Опатове и в Загостье - взглянуть, насколько продвинулось сооружение
храмов, которые он, во исполнение обета, велел там поставить. С поездкой
они решили повременить, - пусть пригреет весеннее солнце и просохнут
дороги. Но покамест ждали тепла, из Кракова примчался во весь опор гонец
со скорбной вестью. Княгиня Верхослава скончалась, протомившись несколько
дней в горячке, которой занемогла вскоре после отъезда Генриха.
Братья стали собираться в Краков, целый день ушел на приготовления. Тем
временем прискакал другой гонец еле переводя дух, он упал перед Генрихом
на колени и со слезами сообщил, что князь Болеслав Криспус [Кудрявый
(лат.)] намерен похоронить княгиню в Плоцке и тело ее перевезут на
"кораблях", как сказал гонец, из Кракова в Плоцк, ибо она выразила желание
быть погребенной в тамошнем соборе, рядом с Кривоустым и с княгиней
Саломеей. Князь Болеслав просит-де Генриха подождать в Сандомире, пока не
прибудут корабли, и сопровождать их дальше, в Плоцк а также приказывает
зажигать вдоль берегов костры для оповещения о том, что корабли
приближаются.
Генрих отослал гонца обратно в Краков, велел Казимиру позаботиться обо
всем необходимом для поездки и о кострах, а сам отправился в костел святой
Девы на заупокойный молебен по усопшей княгине. Народу в бревенчатом
костеле было мало, служба тянулась долго. Снова установилась сырая погода,
туман застилал все вокруг. После молебна Генрих вышел на обрыв за костелом
и постоял над Вислой. Воды в реке прибавилось как серый холст,
простиралась перед его глазами необозримая водная гладь. Вместе с князем
пошел на берег только престарелый Вшебор. Долго стояли они молча, потом
Вшебор, тяжко вздохнув, сказал:
- Боже милостивый, вот я, такой старый, живу, а молодые умирают!
С той поры начались для Генриха дни ожидания.
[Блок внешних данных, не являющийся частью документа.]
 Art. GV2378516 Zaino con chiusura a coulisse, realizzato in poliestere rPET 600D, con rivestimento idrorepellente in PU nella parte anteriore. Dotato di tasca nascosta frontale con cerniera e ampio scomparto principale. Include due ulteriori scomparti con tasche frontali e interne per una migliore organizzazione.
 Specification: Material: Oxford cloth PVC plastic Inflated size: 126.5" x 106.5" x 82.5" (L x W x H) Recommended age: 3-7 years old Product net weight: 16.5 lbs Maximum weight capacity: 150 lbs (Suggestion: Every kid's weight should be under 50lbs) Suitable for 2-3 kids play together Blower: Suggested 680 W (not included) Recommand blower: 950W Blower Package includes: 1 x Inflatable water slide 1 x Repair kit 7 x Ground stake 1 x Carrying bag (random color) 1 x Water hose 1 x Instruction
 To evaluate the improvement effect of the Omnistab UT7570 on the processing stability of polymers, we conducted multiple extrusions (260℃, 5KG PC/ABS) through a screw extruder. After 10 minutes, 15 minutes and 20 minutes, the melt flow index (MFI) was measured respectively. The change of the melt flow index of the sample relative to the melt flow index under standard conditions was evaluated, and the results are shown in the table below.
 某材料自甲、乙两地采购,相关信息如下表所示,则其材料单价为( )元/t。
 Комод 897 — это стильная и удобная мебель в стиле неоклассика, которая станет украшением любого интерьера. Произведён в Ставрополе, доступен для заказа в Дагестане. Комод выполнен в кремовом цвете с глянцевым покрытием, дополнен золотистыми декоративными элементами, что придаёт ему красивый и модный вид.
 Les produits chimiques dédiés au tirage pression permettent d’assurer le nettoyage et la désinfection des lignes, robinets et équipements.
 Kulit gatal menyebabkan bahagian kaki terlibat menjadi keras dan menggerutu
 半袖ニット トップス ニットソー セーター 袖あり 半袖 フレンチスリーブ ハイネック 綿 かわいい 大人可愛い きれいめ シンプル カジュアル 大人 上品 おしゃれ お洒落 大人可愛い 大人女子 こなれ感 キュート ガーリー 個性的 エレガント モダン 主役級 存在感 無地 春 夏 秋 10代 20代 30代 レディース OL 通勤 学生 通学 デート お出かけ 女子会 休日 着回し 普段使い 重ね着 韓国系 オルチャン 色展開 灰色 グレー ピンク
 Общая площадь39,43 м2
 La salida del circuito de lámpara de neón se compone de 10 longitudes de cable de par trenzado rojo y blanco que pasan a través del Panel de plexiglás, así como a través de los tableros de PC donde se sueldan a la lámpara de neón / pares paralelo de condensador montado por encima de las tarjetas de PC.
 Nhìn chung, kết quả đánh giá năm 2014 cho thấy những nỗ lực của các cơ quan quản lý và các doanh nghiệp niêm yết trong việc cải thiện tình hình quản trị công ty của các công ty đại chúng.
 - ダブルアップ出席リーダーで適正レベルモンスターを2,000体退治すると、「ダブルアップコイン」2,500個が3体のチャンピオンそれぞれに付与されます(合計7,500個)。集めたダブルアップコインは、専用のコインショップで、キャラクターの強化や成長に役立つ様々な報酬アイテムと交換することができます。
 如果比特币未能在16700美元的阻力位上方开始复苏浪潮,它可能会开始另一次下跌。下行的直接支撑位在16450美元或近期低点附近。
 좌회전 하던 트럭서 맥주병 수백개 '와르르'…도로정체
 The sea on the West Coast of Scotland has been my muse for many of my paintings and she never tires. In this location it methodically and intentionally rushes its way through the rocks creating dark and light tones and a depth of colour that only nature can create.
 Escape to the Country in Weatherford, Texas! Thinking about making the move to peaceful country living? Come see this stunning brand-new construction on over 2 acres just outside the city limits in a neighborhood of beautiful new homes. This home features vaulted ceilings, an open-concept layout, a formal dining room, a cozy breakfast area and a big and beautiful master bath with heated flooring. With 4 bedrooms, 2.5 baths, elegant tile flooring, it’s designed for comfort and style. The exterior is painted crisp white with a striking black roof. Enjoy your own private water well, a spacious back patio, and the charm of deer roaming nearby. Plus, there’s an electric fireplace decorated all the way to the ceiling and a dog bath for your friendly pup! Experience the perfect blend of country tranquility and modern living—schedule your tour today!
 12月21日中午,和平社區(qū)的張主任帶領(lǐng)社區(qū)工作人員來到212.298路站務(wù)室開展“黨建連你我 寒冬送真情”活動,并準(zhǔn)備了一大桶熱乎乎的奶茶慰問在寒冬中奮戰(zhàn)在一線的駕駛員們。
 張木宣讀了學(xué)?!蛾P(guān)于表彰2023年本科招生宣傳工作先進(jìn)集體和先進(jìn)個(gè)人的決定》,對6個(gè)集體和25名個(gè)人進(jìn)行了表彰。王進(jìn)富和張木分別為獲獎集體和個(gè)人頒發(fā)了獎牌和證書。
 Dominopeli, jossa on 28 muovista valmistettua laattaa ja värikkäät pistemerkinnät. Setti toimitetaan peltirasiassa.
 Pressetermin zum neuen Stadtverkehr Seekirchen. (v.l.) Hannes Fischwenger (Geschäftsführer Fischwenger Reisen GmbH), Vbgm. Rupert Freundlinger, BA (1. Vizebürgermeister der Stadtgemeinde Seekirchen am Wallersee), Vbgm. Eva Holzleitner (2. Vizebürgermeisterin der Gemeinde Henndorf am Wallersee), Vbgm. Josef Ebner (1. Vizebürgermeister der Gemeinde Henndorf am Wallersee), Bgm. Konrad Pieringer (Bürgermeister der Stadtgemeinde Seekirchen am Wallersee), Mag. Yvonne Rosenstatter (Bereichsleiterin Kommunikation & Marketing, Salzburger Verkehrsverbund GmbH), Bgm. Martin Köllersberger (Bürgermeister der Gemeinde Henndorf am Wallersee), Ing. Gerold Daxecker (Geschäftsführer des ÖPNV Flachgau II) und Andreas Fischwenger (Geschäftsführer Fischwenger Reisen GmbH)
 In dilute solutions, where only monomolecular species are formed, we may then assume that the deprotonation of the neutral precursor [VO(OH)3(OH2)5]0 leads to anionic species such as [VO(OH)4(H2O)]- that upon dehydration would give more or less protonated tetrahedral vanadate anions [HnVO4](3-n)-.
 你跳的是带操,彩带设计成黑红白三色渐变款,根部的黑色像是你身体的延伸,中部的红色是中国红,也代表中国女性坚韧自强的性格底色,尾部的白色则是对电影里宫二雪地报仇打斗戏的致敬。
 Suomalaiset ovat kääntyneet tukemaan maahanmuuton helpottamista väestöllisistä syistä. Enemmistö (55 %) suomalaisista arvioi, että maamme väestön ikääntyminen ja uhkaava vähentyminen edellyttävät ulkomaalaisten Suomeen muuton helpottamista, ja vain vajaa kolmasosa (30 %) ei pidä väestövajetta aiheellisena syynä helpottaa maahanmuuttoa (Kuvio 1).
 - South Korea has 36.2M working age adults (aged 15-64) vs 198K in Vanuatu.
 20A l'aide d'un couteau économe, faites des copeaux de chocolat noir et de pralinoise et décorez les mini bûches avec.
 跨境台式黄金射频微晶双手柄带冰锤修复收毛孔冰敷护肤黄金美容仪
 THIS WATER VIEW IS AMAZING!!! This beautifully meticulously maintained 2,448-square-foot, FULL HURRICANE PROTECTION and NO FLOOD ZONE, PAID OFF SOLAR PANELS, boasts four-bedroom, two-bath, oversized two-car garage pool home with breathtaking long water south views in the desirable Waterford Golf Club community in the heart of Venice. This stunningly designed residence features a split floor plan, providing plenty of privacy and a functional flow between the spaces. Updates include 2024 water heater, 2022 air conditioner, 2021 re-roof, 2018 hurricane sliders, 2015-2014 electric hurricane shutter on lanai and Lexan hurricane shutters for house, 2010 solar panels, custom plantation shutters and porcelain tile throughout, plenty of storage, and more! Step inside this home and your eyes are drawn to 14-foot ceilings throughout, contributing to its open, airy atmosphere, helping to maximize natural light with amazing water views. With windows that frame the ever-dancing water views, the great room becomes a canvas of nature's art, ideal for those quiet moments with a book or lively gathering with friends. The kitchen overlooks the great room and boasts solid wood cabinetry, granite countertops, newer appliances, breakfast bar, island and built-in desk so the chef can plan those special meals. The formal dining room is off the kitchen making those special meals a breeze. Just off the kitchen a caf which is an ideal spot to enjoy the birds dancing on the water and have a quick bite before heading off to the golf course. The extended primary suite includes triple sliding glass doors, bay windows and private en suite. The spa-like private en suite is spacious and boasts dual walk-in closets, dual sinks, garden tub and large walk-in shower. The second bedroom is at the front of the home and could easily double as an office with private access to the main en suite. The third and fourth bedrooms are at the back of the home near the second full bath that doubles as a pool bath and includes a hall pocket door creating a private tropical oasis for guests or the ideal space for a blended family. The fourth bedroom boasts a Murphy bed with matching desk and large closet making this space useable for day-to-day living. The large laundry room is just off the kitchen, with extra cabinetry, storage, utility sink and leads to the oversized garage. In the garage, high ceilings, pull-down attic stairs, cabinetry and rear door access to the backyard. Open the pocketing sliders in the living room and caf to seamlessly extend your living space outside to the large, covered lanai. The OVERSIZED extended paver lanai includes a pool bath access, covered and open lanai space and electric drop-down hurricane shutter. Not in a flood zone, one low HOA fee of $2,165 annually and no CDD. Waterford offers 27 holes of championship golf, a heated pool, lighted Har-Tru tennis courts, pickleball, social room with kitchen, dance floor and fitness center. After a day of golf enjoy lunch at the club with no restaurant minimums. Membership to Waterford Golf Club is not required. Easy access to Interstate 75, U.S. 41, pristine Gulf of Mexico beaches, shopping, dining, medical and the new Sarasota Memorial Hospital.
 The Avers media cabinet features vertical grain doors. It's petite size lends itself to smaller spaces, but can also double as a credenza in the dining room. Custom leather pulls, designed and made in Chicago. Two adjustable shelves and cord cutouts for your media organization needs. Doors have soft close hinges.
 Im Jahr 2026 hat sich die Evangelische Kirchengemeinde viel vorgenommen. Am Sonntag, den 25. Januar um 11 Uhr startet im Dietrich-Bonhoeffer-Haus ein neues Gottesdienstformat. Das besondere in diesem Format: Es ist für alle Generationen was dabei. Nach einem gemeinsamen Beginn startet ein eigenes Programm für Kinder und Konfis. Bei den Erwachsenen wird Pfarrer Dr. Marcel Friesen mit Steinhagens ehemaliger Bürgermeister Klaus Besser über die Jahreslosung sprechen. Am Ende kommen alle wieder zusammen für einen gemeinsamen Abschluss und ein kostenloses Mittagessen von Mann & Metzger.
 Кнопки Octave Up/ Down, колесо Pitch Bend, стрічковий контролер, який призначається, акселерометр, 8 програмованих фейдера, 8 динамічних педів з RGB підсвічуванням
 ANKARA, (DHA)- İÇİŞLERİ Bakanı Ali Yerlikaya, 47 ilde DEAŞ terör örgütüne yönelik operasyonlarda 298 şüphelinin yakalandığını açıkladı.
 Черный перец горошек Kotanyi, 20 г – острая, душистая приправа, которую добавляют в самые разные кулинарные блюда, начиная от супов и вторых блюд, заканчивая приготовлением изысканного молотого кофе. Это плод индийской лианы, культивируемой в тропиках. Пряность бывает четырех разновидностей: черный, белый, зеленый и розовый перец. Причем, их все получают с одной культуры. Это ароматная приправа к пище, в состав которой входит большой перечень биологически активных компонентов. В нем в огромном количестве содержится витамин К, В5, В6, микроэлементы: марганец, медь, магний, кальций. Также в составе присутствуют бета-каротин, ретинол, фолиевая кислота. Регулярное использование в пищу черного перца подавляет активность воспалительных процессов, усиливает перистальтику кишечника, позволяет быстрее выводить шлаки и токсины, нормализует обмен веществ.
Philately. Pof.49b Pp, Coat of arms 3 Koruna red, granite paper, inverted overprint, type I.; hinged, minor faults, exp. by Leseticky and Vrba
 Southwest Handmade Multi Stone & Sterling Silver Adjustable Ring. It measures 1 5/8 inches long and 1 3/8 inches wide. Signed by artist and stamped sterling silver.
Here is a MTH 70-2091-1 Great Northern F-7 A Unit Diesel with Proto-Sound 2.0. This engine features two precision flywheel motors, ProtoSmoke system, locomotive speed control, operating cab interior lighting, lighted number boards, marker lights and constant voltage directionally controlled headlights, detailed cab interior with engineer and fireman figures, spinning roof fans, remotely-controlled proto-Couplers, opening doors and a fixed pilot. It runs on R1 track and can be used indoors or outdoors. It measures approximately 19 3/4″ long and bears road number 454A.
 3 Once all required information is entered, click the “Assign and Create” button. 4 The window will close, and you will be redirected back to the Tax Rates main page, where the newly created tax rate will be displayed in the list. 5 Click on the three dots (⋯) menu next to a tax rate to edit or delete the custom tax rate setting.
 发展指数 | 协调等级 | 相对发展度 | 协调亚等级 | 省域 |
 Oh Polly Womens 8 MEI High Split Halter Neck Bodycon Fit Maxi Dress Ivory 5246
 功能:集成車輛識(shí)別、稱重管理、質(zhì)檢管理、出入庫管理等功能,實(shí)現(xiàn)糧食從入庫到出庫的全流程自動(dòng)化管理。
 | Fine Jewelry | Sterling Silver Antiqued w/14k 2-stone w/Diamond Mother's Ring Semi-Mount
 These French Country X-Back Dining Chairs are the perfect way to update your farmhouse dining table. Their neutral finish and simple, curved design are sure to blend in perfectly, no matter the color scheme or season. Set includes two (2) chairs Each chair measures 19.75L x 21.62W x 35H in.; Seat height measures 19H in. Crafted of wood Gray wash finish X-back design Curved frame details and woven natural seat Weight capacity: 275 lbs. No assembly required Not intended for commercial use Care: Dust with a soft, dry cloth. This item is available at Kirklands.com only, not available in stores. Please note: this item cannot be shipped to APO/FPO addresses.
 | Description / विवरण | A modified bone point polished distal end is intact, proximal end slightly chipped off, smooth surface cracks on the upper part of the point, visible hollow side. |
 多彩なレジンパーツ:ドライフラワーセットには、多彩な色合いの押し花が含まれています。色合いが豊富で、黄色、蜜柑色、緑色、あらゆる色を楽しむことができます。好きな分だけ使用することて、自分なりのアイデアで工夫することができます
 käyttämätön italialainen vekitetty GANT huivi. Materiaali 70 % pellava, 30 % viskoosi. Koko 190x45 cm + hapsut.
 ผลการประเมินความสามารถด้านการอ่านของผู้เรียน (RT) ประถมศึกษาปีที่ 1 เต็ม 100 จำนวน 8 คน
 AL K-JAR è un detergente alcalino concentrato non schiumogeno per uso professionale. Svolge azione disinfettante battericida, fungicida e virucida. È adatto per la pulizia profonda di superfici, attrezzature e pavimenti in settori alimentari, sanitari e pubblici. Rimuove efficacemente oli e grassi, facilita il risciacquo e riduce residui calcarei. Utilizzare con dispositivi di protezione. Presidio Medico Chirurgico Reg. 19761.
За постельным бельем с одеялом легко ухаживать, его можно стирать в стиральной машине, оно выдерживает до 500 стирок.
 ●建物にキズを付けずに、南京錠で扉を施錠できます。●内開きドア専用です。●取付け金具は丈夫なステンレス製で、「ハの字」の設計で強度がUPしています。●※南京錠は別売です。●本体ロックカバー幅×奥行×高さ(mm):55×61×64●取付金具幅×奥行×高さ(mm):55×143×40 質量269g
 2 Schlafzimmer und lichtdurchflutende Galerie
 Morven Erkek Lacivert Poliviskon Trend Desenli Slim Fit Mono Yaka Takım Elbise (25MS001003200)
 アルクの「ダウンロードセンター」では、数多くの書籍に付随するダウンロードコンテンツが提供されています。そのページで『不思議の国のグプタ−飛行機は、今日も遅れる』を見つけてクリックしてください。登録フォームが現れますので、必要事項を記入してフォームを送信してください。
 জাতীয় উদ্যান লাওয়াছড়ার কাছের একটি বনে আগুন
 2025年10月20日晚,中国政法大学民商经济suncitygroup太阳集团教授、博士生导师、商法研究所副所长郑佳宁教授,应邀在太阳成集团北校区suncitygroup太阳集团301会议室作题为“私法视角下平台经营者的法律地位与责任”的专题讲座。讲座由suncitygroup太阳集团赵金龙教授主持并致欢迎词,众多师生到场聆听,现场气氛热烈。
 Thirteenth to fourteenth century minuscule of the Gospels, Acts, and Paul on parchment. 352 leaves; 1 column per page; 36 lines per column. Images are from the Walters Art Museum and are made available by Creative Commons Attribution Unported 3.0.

Он не доверял ни слугам,
ни Казимиру, сам выходил на берег и, кутаясь в широкий белый плащ, все
смотрел, не горят ли костры.
Ждал он с неделю, а то и больше. Но вот однажды, стоя на площадке
замковой башни и глядя на величавое течение Вислы в излучине, он увидел
над зелеными ее берегами темные клубы дыма. День выдался по-настоящему
весенний, солнечный. К вечеру на свинцовых волнах разлившейся реки
показались корабли с надутыми парусами, гребцы усердно помогали ветру. На
носу переднего корабля, когда тот подошел ближе, Генрих разглядел обитый
черным сукном помост и на нем - гроб под парчовым покровом.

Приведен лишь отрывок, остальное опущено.